A statistical perspective on transformers for small longitudinal cohort data

Kiana Farhadyar,Maren Hackenberg,Kira Ahrens,Charlotte Schenk,Bianca Kollmann,Oliver Tüscher,Klaus Lieb,Michael M. Plichta,Andreas Reif,Raffael Kalisch,Martin Wolkewitz,Moritz Hess,Harald Binder

Modeling of longitudinal cohort data typically involves complex temporal dependencies between multiple variables. There, the transformer architecture, which has been highly successful in language and vision applications, allows us to account for the fact that the most recently observed time points in an individual's history may not always be the most important for the immediate future. This is achieved by assigning attention weights to observations of an individual based on a transformation of their values. One reason why these ideas have not yet been fully leveraged for longitudinal cohort data is that typically, large datasets are required. Therefore, we present a simplified transformer architecture that retains the core attention mechanism while reducing the number of parameters to be estimated, to be more suitable for small datasets with few time points. Guided by a statistical perspective on transformers, we use an autoregressive model as a starting point and incorporate attention as a kernel-based operation with temporal decay, where aggregation of multiple transformer heads, i.e. different candidate weighting schemes, is expressed as accumulating evidence on different types of underlying characteristics of individuals. This also enables a permutation-based statistical testing procedure for identifying contextual patterns. In a simulation study, the approach is shown to recover contextual dependencies even with a small number of individuals and time points. In an application to data from a resilience study, we identify temporal patterns in the dynamics of stress and mental health. This indicates that properly adapted transformers can not only achieve competitive predictive performance, but also uncover complex context dependencies in small data settings.

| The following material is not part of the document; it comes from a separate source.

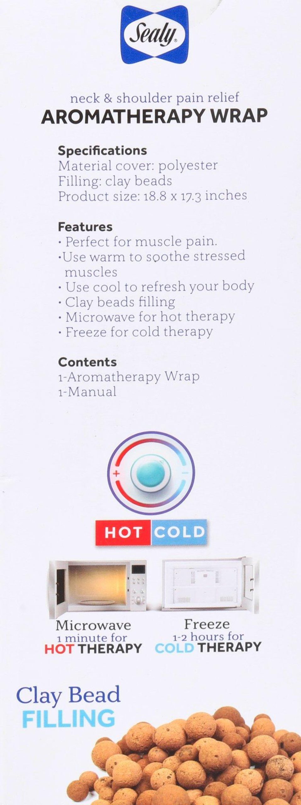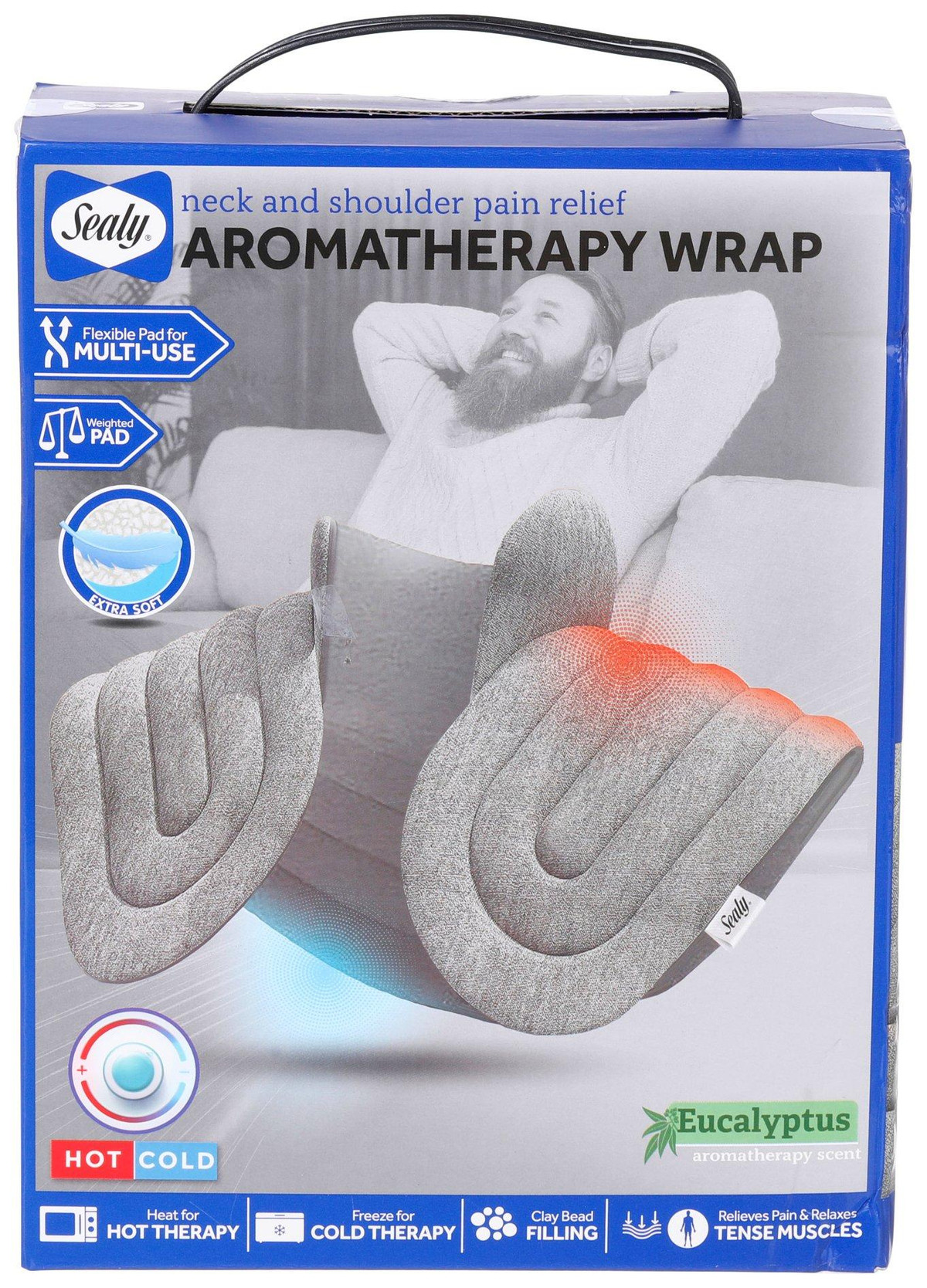 Ease neck and shoulder pain with the Sealy Aromatherapy Wrap. Infused with soothing eucalyptus scent, this flexible and weighted pad features clay bead filling. Can be used for both hot and cold therapy to relieve pain and relax tense muscles.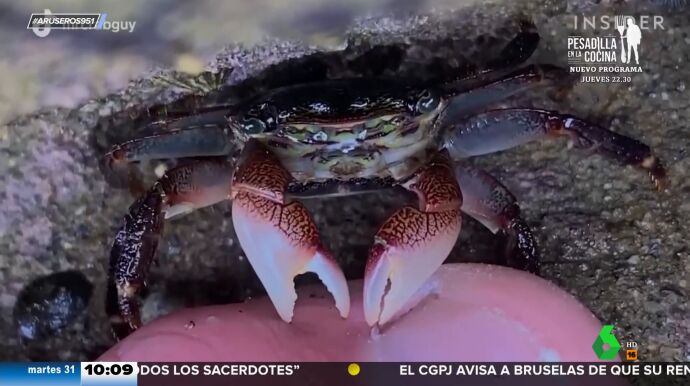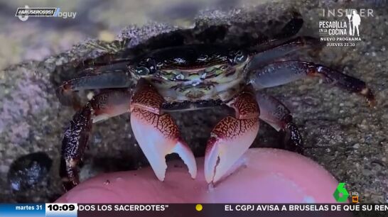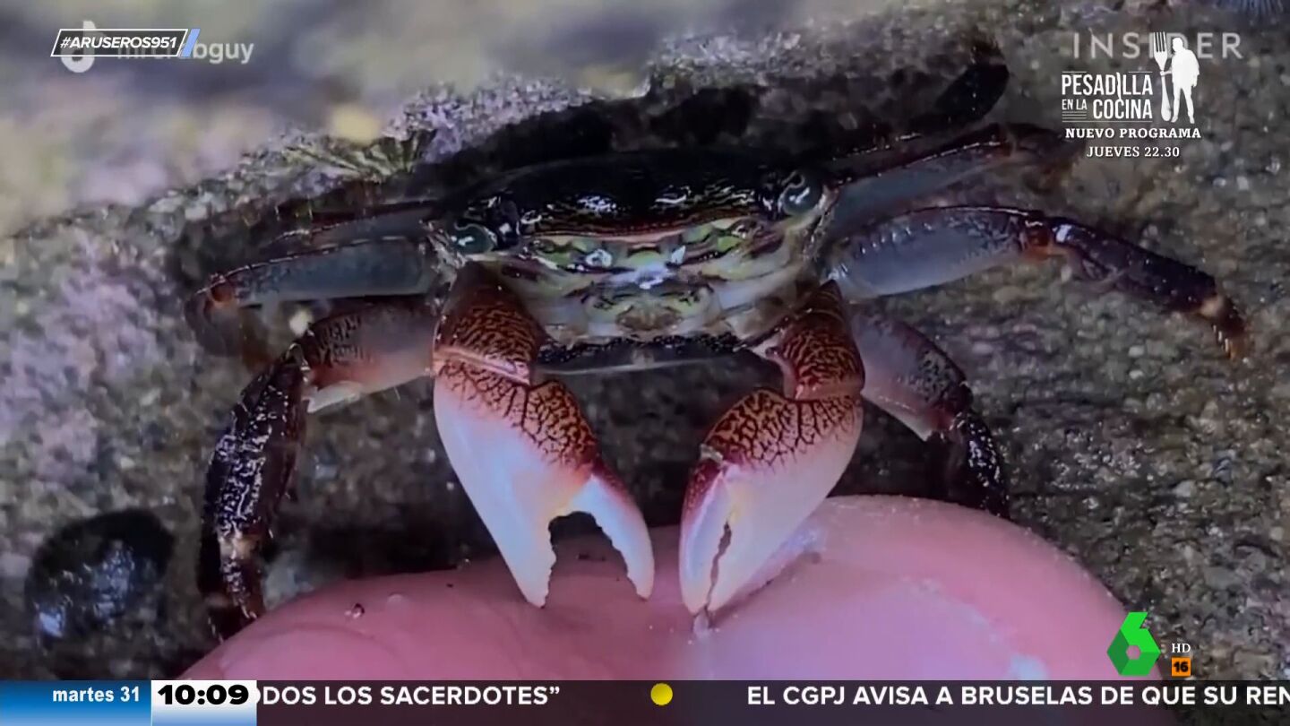 El vídeo de un cangrejo carnívoro que hace la pedicura se ha vuelto viral. Tal y como se puede apreciar en el vídeo, el animal va arrancando trozos de piel muerta con las garras y luego los va mordisqueando. "Es la secuencia que demuestra que el cangrejo te puede hacer la manicura por un precio asequible", comenta en directo Alfonso Arús.

翻译：纵向队列数据建模通常涉及多个变量间复杂的时序依赖关系。Transformer架构在语言和视觉应用中已取得巨大成功，该架构使我们能够考虑到个体历史中最近观测的时间点未必总是对近期未来最重要这一事实。这是通过基于个体观测值的变换为其分配注意力权重实现的。这些思想尚未在纵向队列数据中得到充分利用的原因之一在于通常需要大规模数据集。因此，我们提出一种简化的Transformer架构，在保留核心注意力机制的同时减少待估计参数数量，使其更适用于时间点较少的小规模数据集。基于对Transformer的统计视角，我们以自回归模型为起点，将注意力机制作为具有时间衰减特性的基于核函数的操作进行整合，其中多个Transformer头（即不同的候选加权方案）的聚合被表述为对个体不同类型潜在特征的证据累积过程。这同时启用了基于置换的统计检验程序以识别上下文模式。在模拟研究中，该方法被证明即使在个体数量和时间点较少的情况下仍能恢复上下文依赖关系。在应用于韧性研究数据时，我们识别了压力与心理健康动态变化中的时序模式。这表明经过适当调整的Transformer不仅能够实现具有竞争力的预测性能，还能在小数据场景下揭示复杂的上下文依赖关系。